3.2 Bulk mRNA sequencing of the effects of ROL and RPalm combination on UVB-irradiated HaCaT

Bulk mRNA sequencing was conducted on several groups: UVB-exposed HaCaT cells, UVB-exposed HaCaT cells treated with ROL, UVB-exposed HaCaT cells treated with RPalm, UVB-exposed HaCaT cells treated with R+R, and control HaCaT cells (N = 3). As shown in Figures 2A–C, UVB exposure led to the identification of 4,872 differentially expressed genes (DEGs) compared to the control group. The treatment with UVB+R+R resulted in approximately 5,115 DEGs relative to the control, with 1,274 DEGs identified between the UVB-exposed group and the UVB+R+R group.

Figure 2

Figure 2. Bulk mRNA sequencing of the effects of ROL and RPalm combination on UVB-irradiated HaCaT. (A) The bar chats present the DEG of different treatment groups. (B) Venn diagram shows the overlap DEG of different treatment groups. (C) Volcano plots of DEG in different treatment groups. Significantly upregulated and downregulated genes are highlighted in red and blue, respectively. (D) GO enrichment analysis of DEGs between control HaCaT cells and UVB-irradiated HaCaT cells; control HaCaT cells and R+R-treated UVB-irradiated HaCaT cells. (E) KEGG enrichment histogram of DEG for control HaCaT cells and UVB-irradiated HaCaT cells; UVB-irradiated HaCaT cells and R+R-treated UVB-irradiated HaCaT cells.
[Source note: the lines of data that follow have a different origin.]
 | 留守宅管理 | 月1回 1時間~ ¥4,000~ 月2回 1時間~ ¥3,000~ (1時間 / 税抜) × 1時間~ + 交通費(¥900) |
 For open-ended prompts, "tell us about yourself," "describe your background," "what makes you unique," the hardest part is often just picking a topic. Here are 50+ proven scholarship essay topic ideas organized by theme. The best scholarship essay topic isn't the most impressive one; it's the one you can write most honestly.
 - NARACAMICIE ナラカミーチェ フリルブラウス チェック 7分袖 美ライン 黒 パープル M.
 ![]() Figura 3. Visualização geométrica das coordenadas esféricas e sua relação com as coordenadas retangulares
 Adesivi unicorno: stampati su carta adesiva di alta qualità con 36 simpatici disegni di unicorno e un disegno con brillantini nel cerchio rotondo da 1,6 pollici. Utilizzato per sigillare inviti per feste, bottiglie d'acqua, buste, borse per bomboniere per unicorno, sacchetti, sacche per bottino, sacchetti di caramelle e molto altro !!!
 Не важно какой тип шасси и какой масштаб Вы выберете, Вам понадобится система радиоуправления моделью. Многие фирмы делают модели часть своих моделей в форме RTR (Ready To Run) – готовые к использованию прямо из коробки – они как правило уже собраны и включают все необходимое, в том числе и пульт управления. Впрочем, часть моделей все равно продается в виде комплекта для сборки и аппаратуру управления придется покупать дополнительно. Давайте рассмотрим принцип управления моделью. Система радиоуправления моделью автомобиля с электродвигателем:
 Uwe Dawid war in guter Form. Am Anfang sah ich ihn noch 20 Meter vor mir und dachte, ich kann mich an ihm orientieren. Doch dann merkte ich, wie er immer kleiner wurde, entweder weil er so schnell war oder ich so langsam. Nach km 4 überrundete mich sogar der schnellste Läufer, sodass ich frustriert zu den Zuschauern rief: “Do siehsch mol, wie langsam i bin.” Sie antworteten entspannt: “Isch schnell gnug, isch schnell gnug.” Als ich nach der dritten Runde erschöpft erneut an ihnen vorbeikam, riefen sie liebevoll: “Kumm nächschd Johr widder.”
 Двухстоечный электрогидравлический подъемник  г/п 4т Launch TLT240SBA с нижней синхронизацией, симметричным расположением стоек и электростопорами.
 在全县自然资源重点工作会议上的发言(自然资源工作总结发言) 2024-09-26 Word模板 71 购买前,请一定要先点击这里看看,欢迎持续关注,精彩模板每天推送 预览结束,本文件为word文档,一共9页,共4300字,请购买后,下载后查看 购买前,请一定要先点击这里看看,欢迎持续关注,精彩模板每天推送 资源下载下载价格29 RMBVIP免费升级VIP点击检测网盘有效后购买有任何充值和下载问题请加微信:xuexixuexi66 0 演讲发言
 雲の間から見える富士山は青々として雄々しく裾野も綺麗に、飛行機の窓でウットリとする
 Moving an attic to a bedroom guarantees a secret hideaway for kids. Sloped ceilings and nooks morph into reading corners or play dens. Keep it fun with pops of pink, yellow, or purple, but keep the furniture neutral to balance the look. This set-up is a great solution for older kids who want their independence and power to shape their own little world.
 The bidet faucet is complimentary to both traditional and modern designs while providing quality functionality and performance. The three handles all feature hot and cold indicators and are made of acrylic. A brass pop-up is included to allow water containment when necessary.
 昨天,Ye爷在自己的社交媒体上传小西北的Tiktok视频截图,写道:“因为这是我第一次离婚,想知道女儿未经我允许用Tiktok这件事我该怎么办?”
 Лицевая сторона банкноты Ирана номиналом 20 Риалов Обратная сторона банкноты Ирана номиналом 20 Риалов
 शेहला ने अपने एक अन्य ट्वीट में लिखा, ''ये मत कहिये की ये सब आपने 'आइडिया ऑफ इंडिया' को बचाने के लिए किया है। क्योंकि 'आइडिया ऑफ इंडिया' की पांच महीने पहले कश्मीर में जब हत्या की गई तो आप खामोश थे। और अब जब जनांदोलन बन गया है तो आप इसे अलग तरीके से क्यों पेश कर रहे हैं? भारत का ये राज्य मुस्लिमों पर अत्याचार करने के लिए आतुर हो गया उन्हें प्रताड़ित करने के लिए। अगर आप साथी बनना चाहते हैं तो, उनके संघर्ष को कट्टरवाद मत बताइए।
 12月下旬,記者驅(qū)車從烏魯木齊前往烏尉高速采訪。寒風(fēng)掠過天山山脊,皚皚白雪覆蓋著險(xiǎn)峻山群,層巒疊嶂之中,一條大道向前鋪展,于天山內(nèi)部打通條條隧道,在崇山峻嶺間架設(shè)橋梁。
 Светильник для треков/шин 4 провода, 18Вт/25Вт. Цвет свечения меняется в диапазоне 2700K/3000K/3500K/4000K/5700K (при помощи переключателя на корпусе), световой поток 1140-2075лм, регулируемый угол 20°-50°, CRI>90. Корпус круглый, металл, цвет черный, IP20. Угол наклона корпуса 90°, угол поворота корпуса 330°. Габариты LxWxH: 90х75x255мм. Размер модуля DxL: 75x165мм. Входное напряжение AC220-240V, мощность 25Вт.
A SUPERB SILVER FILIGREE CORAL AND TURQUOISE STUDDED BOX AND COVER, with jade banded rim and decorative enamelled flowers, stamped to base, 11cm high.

Gene ontology (GO) analysis revealed significant enrichment of DEGs related to the positive regulation of DNA damage response and signal transduction mediated by p53 in both the control and UVB+R+R groups (Figure 2D). Additionally, KEGG pathway enrichment analysis highlighted the p53 signaling pathway and various genetic information processing pathways associated with DNA damage repair in comparisons between the control and UVB-exposed groups, as well as between the UVB-exposed and UVB+R+R treatment groups (Figure 2E).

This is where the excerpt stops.